On that note, I can't possibly do the thirty day shred again for a while. What else should I do? Any suggestions? Keep in mind that I need to keep a strong core and I'm vain about my arms. And that I hate exercising at all and so it can't be longer than 20 minutes or I won't really do it, probably. I probably won't do it. Who are we kidding, I definitely won't do it.

Monday, November 04, 2013

there's a new church year around the corner

I'm good at living and celebrating the church year because it's my job and if I don't pull things together, the church does it for me. Or, rather, I go over and do it at church and don't have to worry about it in the same way at home. So much of my life is rummaging around in cupboards in the sacristy or the church bat cave or the Sunday school cupboard looking for advent candles or black ribbon for Good Friday or tying head arrangements on assorted boys trying to beat each other with their shepherd's staffs at Christmas time or rushing out on Saturday night to acquire unto myself oranges and chocolate gold coins for the tallest man that fits my make shift bishop hat to distribute to surprised children in the middle of church on the Sunday closest to St. Nicholas Day. My home church year life is less about all that and more about the food. And that, the food I mean, Matt and I take very seriously. Eating through the church year is our spiritual act of worship, or our love language, or something.

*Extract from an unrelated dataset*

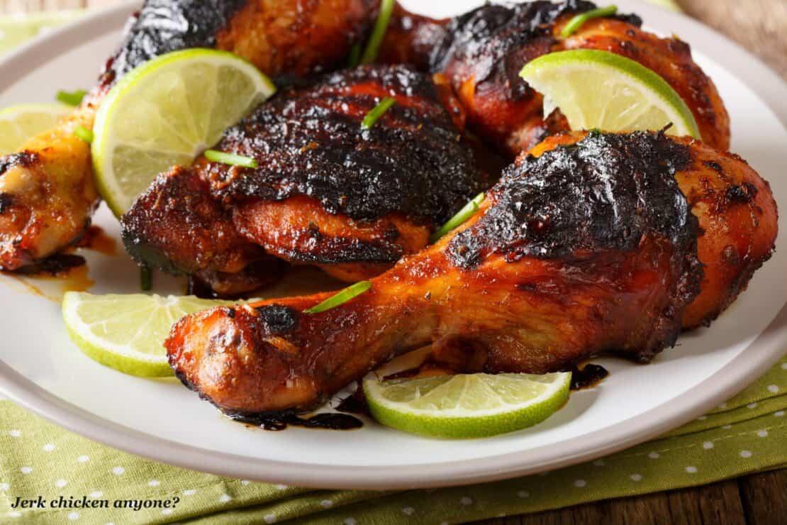 Jerk chicken drumsticks with lime wedges - Jamaica vs Barbados

But vast acres of this way of living and worshipping go unexplained and might appear to be, or even are, hap hazard. And the church, this exact church here that I am lying in my bed gazing at
is full of people for whom this particular flavor and brand of Christianity is new and unfamiliar. The changing colors on the altar is the most obvious and intriguing sign of the church year but there are so many rites  and prayers and traditions that we do at Good Shepherd, sometimes explaining them, sometimes forgetting to, that many who worship here are frequently wandering around in a shadow of curiosity wondering "What On Earth are they doing and why?" And sometimes "Can I go on doing some of this in my dorm or at home with my children or something?" 

Well, rejoice beloved, now there is a clever little book to bring some of it into focus and make it easier to bring what we do at church into your various and sundry abodes.
Jessica Snell of Homemaking Through the Church Year and many other interesting endeavors has put together a practical and useful guide to understanding and doing many of the things that Christians have done done through the centuries. She writes, "This book is focused on bringing seasonal Christian traditions into the home, so that our daily routines can be peppered with little reminders of God’s goodness and grace. Ideally, we’ll all be as aware of God at home as we are at church."
Because what is the use of knowing about these traditions or seeing them if you can't bring them home and make them your own. And how can you do that if someone doesn't show how and why. And to add icing over the whole plummy wonder is that she's published the Advent and Christmas sections first and in time to really do something about them. I particularly commend Jessica's introductory explanation of what the church year is and what it is for. Rather than just adding another pile of work to your devotional life, she articulates a lovely vision for an ordered, gracious life centered around the life of Jesus and the work of the Holy Spirit. As I am constantly yelling at people, liturgy is meant to be a help. You put yourself into an action that you don't necessarily feel and it carries your forward. Wondrously, this doesn't just have to happen for an hour on Sunday morning. Carry it home with you. Let Us Keep The Feast will be a great help to you as you do!